• REQUIREMENT
For the lines from the one with "Old Ordnance Survey" to the end of the listing below, both ends included, give an exact copy and nothing more. Do not copy pictures.

• EXERCISE DATA
Content starts
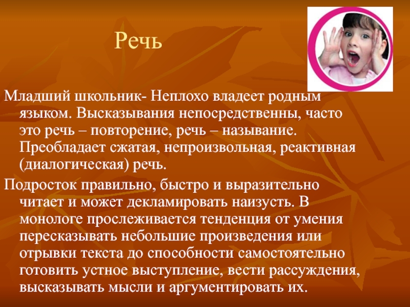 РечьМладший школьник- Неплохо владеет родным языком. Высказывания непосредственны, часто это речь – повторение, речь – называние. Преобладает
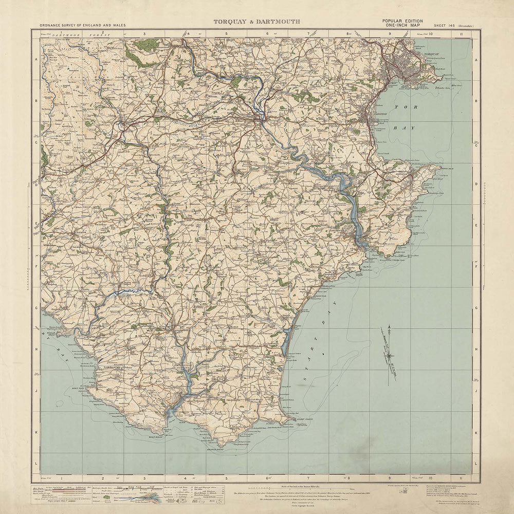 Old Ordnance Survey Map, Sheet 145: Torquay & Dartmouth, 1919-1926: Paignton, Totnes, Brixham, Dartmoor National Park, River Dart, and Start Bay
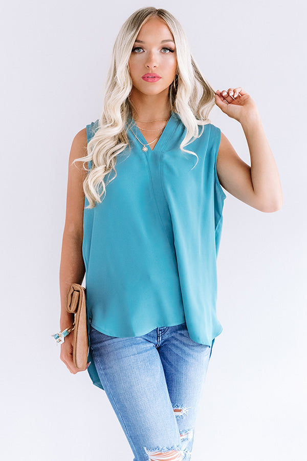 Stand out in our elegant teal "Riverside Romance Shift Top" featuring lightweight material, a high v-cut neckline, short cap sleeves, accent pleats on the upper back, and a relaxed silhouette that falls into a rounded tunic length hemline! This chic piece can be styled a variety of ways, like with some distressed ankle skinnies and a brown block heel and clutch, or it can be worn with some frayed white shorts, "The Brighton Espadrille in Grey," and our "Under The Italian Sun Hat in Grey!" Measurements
Content ends
• TASK RESULT
 Old Ordnance Survey Map, Sheet 145: Torquay & Dartmouth, 1919-1926: Paignton, Totnes, Brixham, Dartmoor National Park, River Dart, and Start Bay
 Stand out in our elegant teal "Riverside Romance Shift Top" featuring lightweight material, a high v-cut neckline, short cap sleeves, accent pleats on the upper back, and a relaxed silhouette that falls into a rounded tunic length hemline! This chic piece can be styled a variety of ways, like with some distressed ankle skinnies and a brown block heel and clutch, or it can be worn with some frayed white shorts, "The Brighton Espadrille in Grey," and our "Under The Italian Sun Hat in Grey!" Measurements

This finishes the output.